- [To do]
Your copy should hold only the lines from the one with "Prove yourself to" to the one with "捷报再传,在第九届江西艺术节", both included, each exactly as it stands below, with no pictures.

- [Provided data]
^^^^^^^^

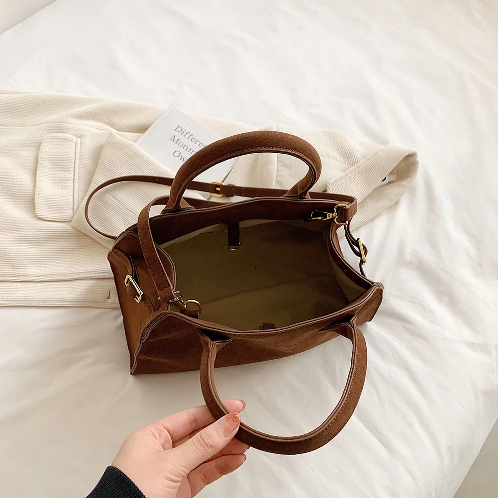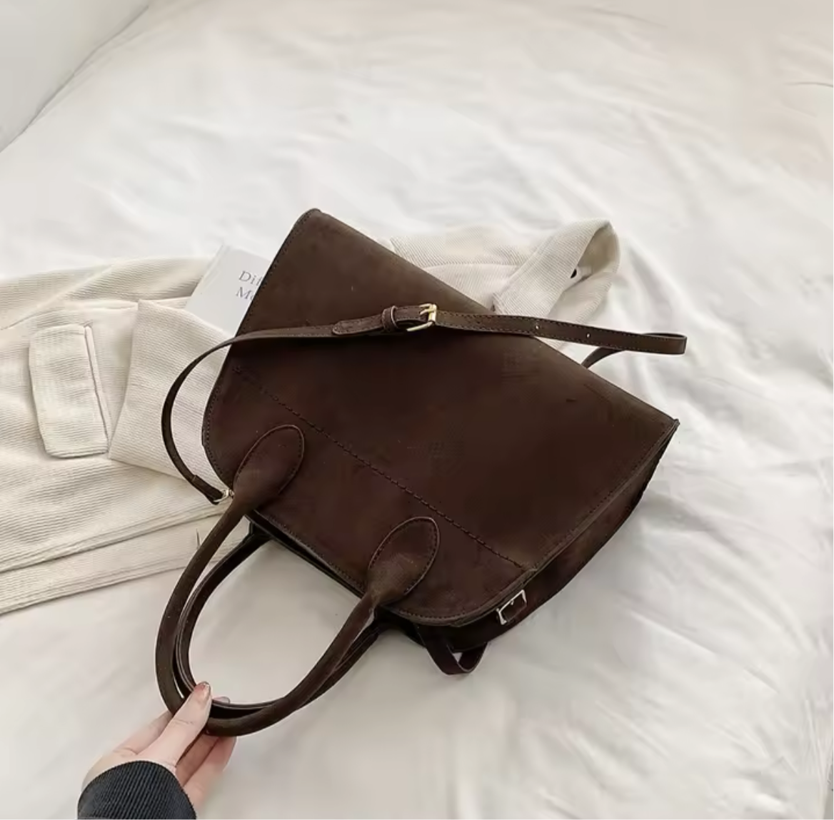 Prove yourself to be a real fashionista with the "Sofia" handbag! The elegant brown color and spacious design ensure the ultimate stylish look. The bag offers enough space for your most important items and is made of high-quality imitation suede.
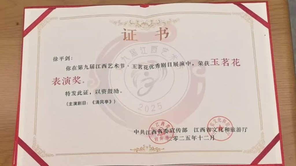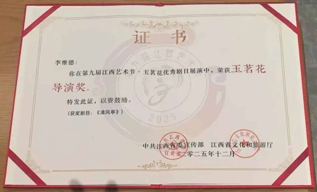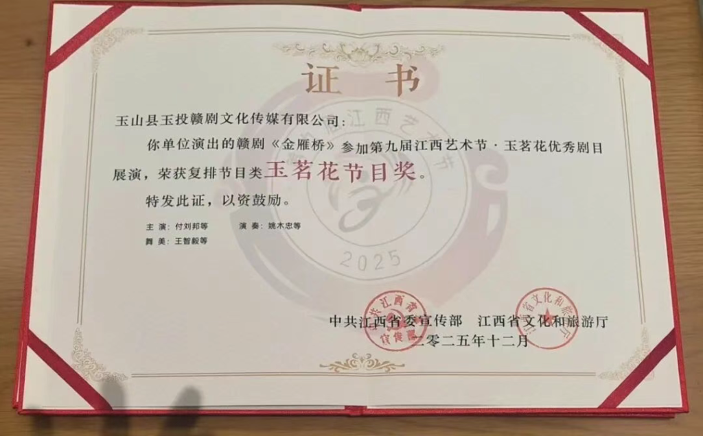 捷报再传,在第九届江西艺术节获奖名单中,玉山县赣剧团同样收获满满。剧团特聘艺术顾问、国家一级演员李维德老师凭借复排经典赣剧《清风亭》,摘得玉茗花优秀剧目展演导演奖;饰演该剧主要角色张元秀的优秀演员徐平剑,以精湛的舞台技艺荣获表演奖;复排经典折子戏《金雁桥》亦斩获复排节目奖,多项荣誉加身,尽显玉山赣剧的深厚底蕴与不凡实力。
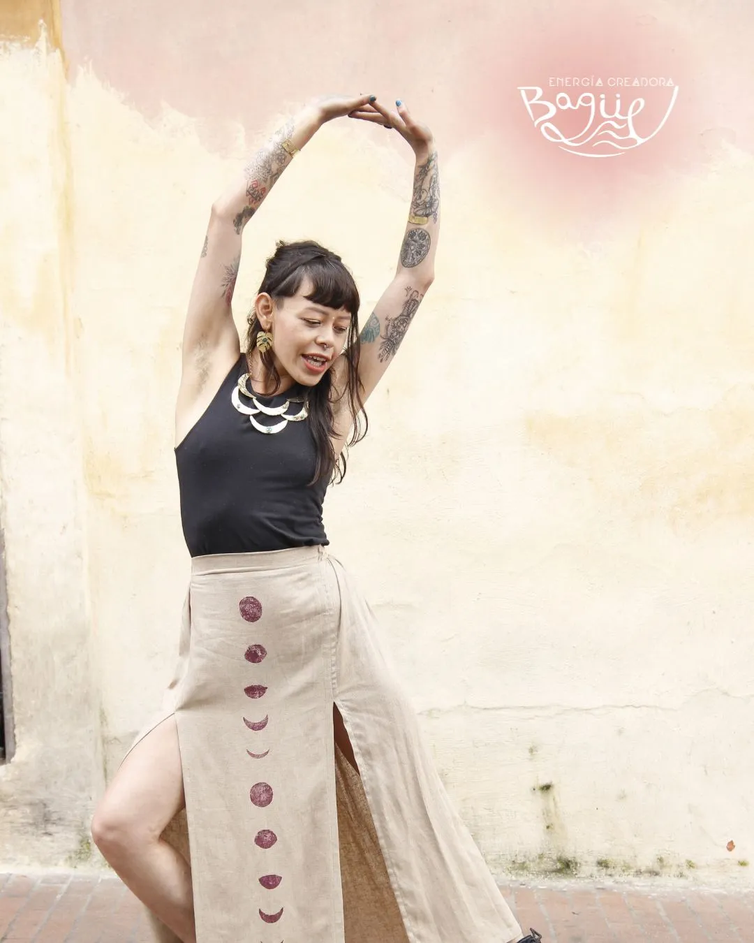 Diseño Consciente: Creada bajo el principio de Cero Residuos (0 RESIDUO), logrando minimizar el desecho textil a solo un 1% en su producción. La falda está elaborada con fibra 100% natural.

^^^^^^^^

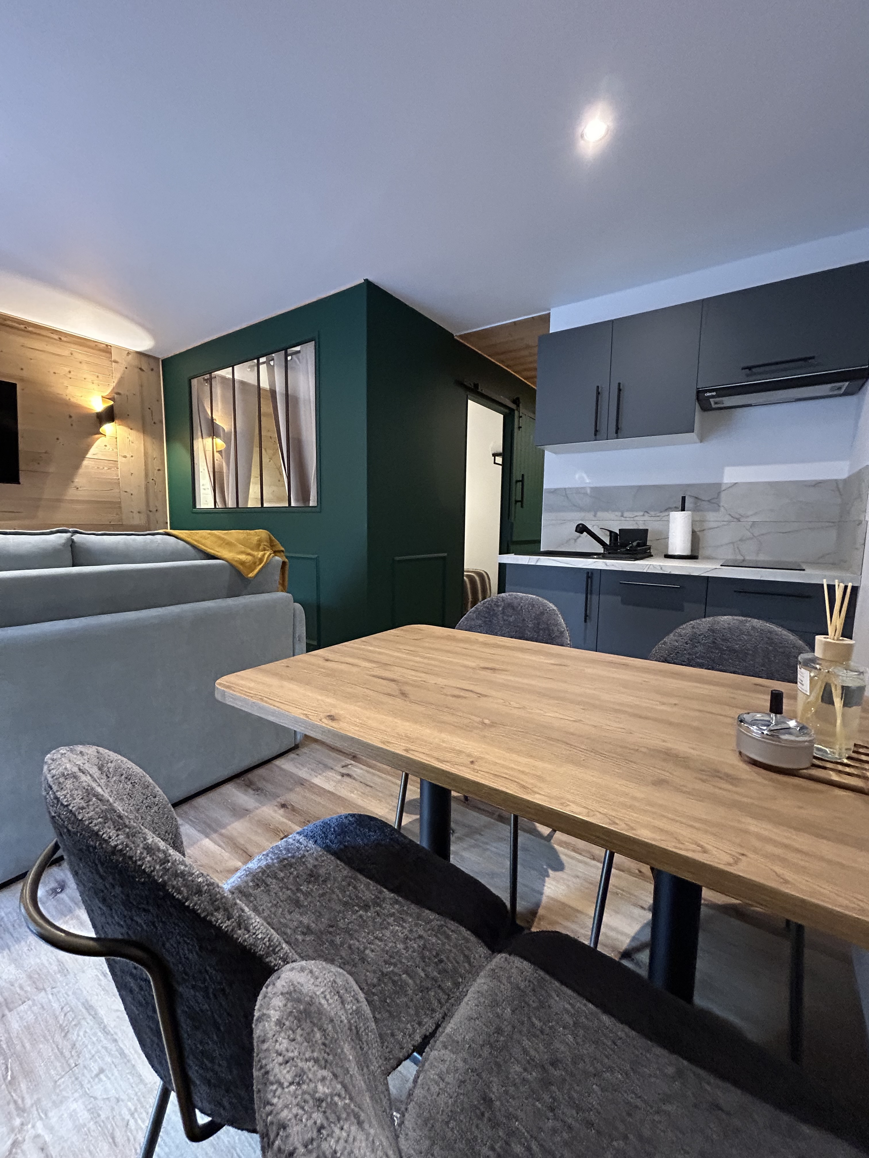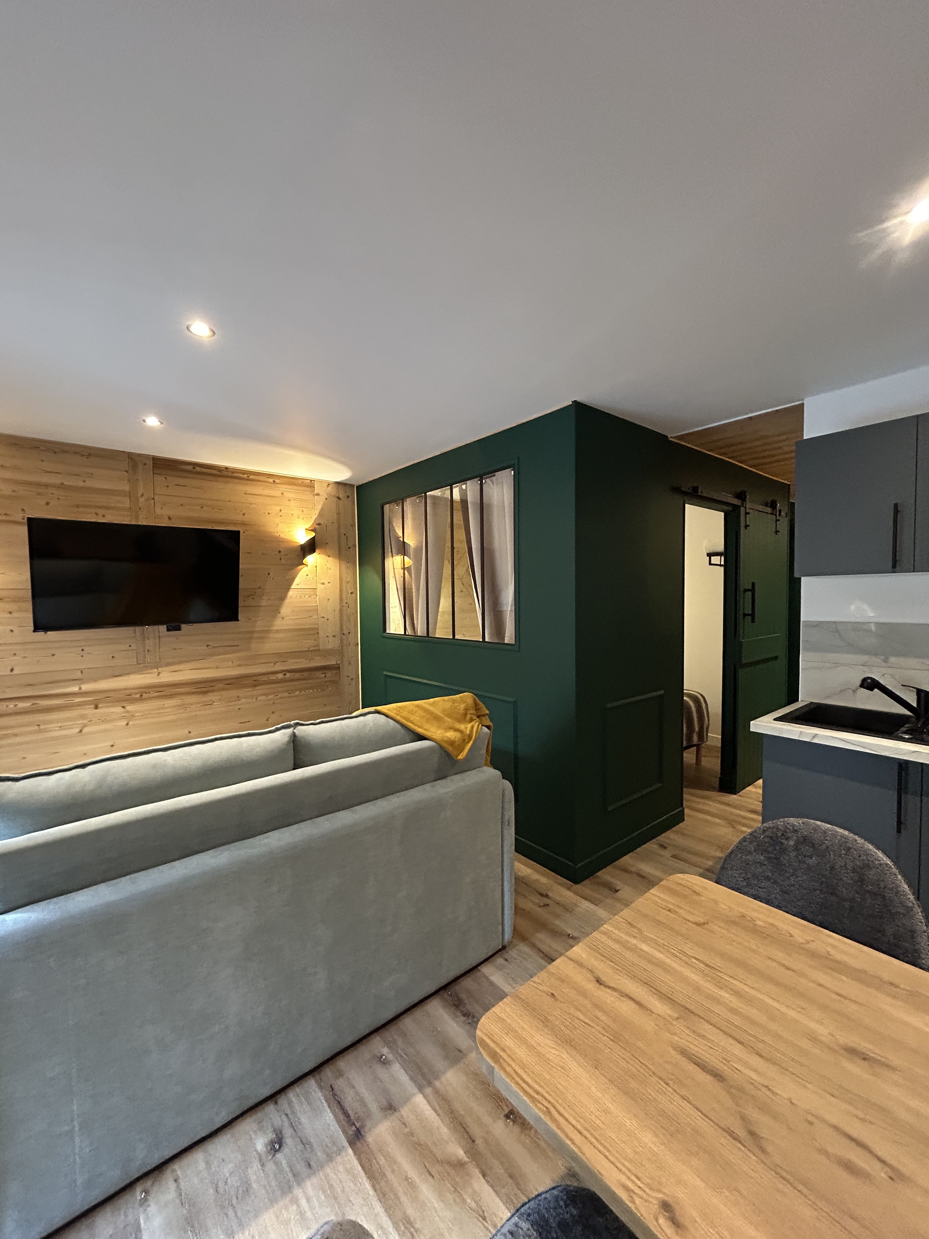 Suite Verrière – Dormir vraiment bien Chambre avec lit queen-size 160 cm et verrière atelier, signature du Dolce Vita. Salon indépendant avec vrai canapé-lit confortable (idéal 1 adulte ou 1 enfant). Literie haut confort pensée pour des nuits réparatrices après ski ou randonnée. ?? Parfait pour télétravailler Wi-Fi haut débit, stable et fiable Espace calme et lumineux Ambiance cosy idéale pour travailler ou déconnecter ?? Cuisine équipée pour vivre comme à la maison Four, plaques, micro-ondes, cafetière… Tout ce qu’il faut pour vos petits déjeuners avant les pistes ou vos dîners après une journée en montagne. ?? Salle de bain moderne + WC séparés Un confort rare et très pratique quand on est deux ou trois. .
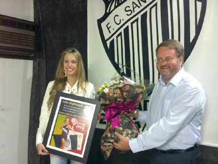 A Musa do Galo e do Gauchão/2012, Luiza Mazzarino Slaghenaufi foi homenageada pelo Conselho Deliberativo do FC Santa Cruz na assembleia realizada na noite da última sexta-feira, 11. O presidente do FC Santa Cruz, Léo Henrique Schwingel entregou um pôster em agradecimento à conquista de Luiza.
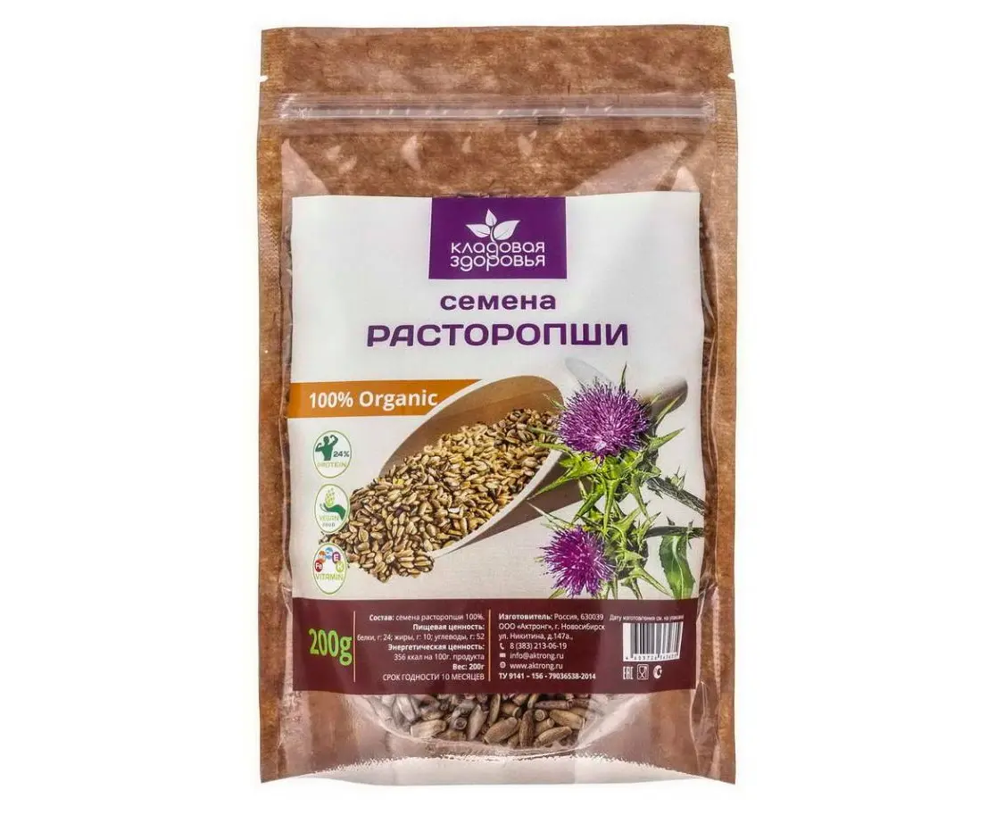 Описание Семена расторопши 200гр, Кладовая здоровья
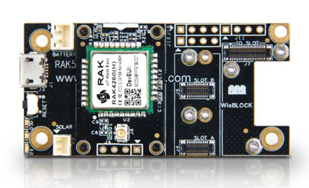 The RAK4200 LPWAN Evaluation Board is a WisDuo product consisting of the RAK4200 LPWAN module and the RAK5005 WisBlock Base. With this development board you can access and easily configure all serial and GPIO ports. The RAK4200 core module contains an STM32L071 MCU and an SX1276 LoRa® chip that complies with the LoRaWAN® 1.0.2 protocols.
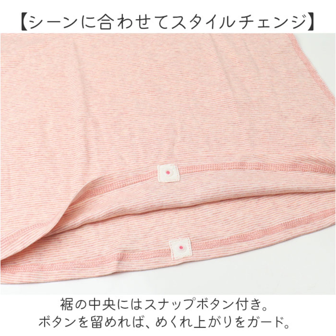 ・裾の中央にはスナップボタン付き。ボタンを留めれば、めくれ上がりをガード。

^^^^^^^^

- [Task answer]
 Prove yourself to be a real fashionista with the "Sofia" handbag! The elegant brown color and spacious design ensure the ultimate stylish look. The bag offers enough space for your most important items and is made of high-quality imitation suede.
 捷报再传,在第九届江西艺术节获奖名单中,玉山县赣剧团同样收获满满。剧团特聘艺术顾问、国家一级演员李维德老师凭借复排经典赣剧《清风亭》,摘得玉茗花优秀剧目展演导演奖;饰演该剧主要角色张元秀的优秀演员徐平剑,以精湛的舞台技艺荣获表演奖;复排经典折子戏《金雁桥》亦斩获复排节目奖,多项荣誉加身,尽显玉山赣剧的深厚底蕴与不凡实力。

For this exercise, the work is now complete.